▶ **TASK DATA**
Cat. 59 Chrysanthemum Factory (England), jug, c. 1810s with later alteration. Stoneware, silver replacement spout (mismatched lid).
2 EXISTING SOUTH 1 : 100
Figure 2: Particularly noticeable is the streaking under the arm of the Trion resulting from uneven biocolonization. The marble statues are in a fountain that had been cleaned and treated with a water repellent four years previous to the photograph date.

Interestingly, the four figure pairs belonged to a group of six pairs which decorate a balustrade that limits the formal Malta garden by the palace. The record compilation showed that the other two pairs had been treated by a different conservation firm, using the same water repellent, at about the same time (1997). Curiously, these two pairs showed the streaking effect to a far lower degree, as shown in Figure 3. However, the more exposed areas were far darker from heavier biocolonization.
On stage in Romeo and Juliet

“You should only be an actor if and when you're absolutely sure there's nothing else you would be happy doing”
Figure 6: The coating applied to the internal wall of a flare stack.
---
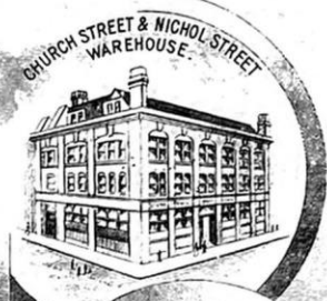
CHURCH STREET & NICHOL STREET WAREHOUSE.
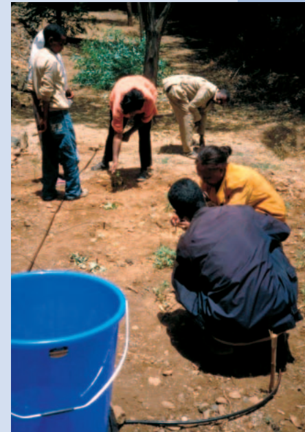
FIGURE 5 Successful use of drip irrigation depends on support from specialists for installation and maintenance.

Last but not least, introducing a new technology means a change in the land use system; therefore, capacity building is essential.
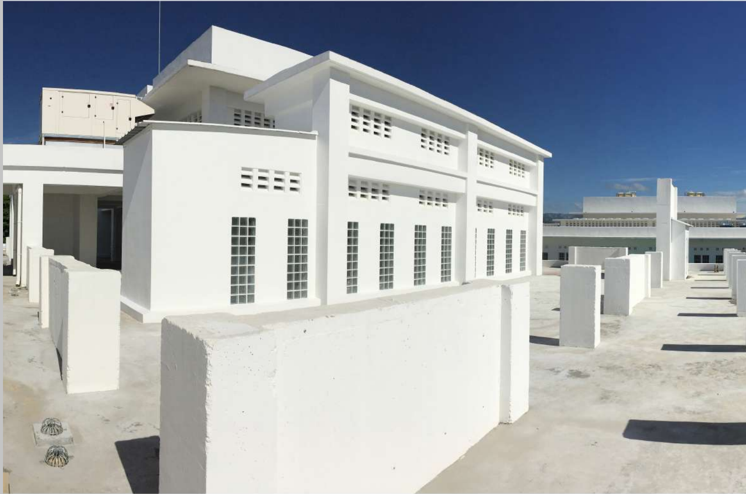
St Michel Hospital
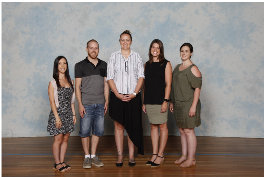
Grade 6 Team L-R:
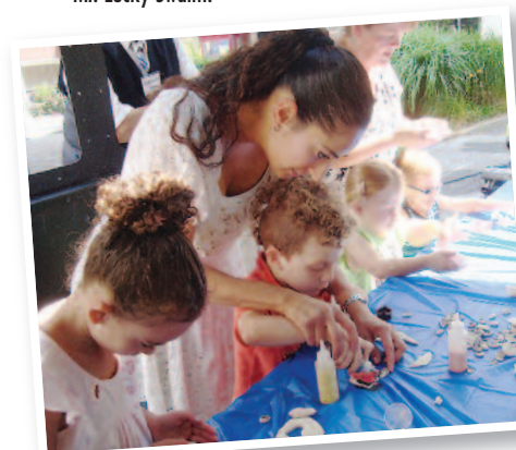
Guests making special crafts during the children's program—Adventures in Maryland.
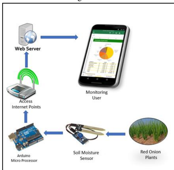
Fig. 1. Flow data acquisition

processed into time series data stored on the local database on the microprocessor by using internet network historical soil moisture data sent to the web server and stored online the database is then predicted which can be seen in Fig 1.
* * *
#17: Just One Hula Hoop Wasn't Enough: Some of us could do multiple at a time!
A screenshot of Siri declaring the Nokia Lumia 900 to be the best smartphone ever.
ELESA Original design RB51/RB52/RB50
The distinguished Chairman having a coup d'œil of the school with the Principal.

▶ **WORK INSTRUCTIONS**
Would you give again, exactly, the lines in the data above that run from the line containing "St Michel Hospital" to the line containing "processed into time"? Include both ends and no pictures.

▶ **SOLUTION**
St Michel Hospital
Grade 6 Team L-R:
Guests making special crafts during the children's program—Adventures in Maryland.
Fig. 1. Flow data acquisition

processed into time series data stored on the local database on the microprocessor by using internet network historical soil moisture data sent to the web server and stored online the database is then predicted which can be seen in Fig 1.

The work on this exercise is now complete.